- **What the exercise asks**: Please output the data exactly, minus pictures.
+++ Recorded data
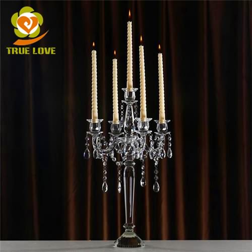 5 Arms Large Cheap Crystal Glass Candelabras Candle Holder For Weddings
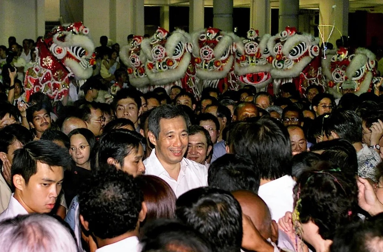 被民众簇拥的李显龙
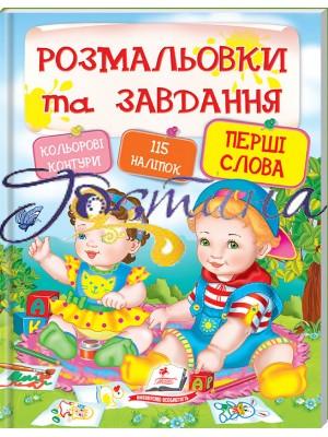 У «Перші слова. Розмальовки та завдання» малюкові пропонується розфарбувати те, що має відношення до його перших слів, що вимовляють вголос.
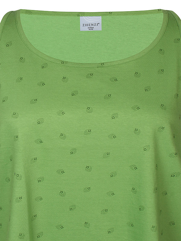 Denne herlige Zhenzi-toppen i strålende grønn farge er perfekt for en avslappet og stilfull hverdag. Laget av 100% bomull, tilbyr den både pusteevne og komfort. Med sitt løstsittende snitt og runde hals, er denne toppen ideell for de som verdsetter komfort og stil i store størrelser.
++++++
- **Reply to the task**:
 5 Arms Large Cheap Crystal Glass Candelabras Candle Holder For Weddings
 被民众簇拥的李显龙
 У «Перші слова. Розмальовки та завдання» малюкові пропонується розфарбувати те, що має відношення до його перших слів, що вимовляють вголос.
 Denne herlige Zhenzi-toppen i strålende grønn farge er perfekt for en avslappet og stilfull hverdag. Laget av 100% bomull, tilbyr den både pusteevne og komfort. Med sitt løstsittende snitt og runde hals, er denne toppen ideell for de som verdsetter komfort og stil i store størrelser.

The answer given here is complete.